Conclusion: By conducting this experiment, we can gain insights into the Y0 field contours, orientation, and polarization and verify the predictions of QA. This experimental approach provides valuable evidence supporting the fundamental principles of QA and contributes to our understanding of space-time dynamics and gravitational effects.
Further Ideas to Test Quantum Admittance Theory
Atomic clocks: One possibility is to use atomic clocks to measure the effects of gravity on time. A recent atomic resonance-based experiment by JILA in Colorado has already provided evidence supporting QA Theory. This experiment showed that the rate of atomic resonance changes slightly depending on their altitude, which is consistent with QA’s prediction that the Y0 field gradient varies with altitude.
Reflectionless Scattering Modes: A new method of understanding the areas of energy used to develop understanding of the QA Theory are the Reflectionless Scattering Modes (RSM), experiments being carried out by several scientific teams. RSM experiments involve creating a chamber in which the impedance of space is carefully controlled. This allows scientists to study how light waves interact with matter under different conditions. By observing how light waves are scattered and reflected, scientists can learn about the properties of the medium in which they are propagating.
QA postulates that energy is not a particle, mass or substance, but rather a property of space itself. According to QA, the admittance of space determines how energy is stored and transmitted. RSM experiments have the potential to provide direct evidence for this theory by measuring the impedance of space and observing its effects on light waves.

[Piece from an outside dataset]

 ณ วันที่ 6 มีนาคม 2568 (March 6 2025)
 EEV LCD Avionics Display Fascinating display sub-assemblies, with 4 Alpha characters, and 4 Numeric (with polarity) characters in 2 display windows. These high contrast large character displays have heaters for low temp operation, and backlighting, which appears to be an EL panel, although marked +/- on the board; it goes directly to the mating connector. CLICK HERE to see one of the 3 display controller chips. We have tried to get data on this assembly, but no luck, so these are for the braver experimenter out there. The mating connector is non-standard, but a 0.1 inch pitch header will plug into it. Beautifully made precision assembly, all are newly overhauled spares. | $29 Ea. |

Transverse electromagnetic cells: Another possibility is to use transverse electromagnetic cells to measure the effects of varying Y0 fields. This could be done by measuring the speed of light over an open course at different distances, where the Y0 field gradient is expected to be different.

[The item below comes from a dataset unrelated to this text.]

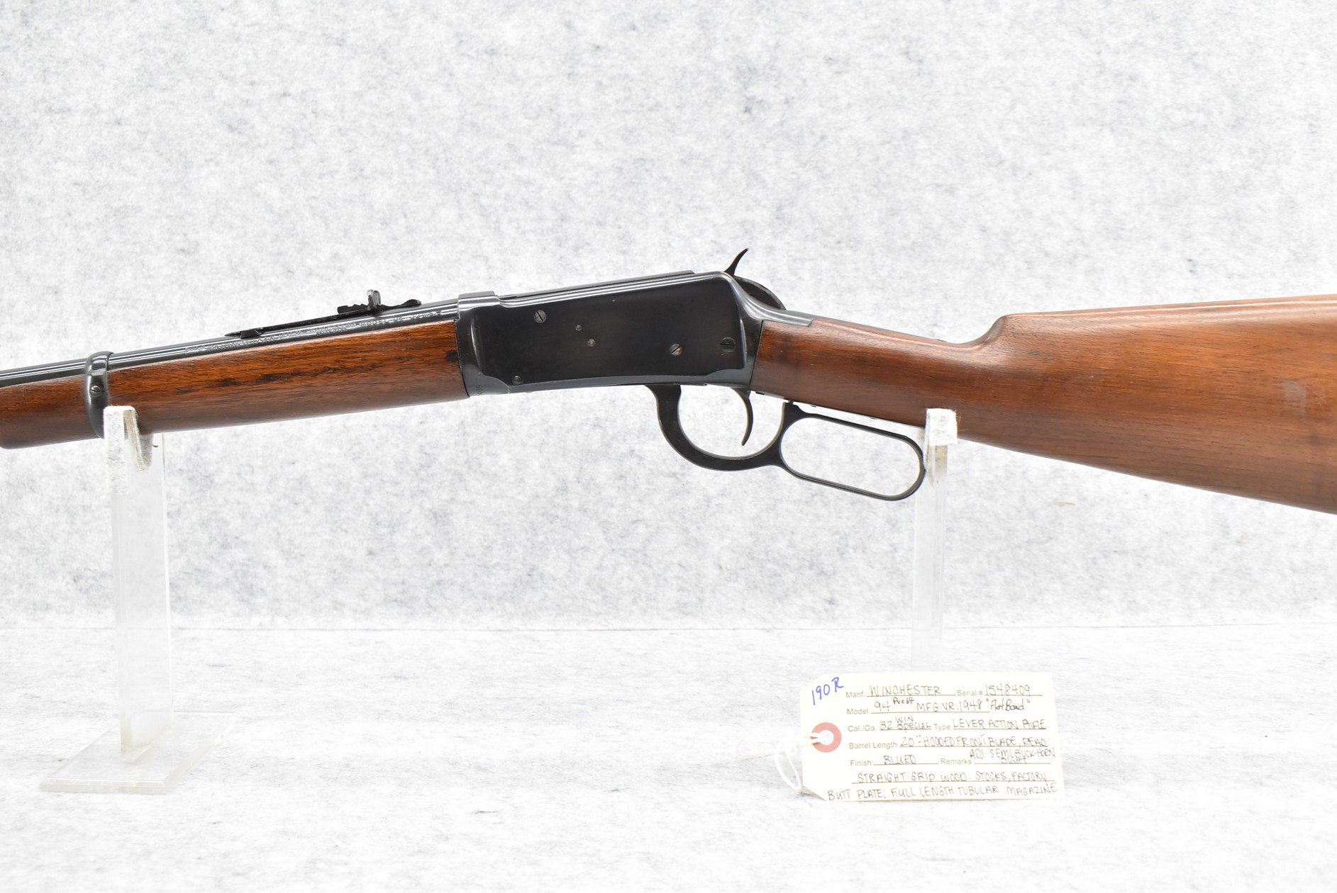 190R. Winchester – Mod. 94 (Pre-64) “Flat Band” – 32 Win. Spl. Cal. Lever Action Rifle – w/20” Barrel w/Hooded Front Blade & Rear Adj. Semi-Buckhorn Sights w/Full Length Tubular Magazine – Blued Finish – w/Straight Grip Wood Stocks w/Factory Butt Plate – Mfg. 1948
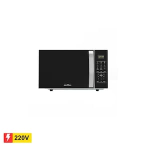Micro-ondas com capacidade de 25 litros, potência de 1100W, classificação energética A, funções +30 segundos, 6 receitas pré-programadas (Brigadeiro, pipoca, lasanha, pizza, bolo de caneca, menu fit), função descongelar, função Timer, desligamento automático, display digital e porta espelhada com pintura Limpa Fácil.Função Grill

Laser ring gyros: Laser ring gyros are very sensitive to changes in the rotation of their frame of reference. QA predicts that laser ring gyros would experience a small but measurable rotation due to the Y0 field gradient.
Interferometry: In addition to these specific tests, there are a number of general areas where experiments could be piggybacked on existing and available equipment. For example, interferometry experiments, gravitational wave detectors, and precision measurement of the CMB radiation could all be used to indirectly infer the impedance or gradient of space. Spacecraft-based experiments could also be designed to directly measure the impedance or gradient of space in different regions of the universe.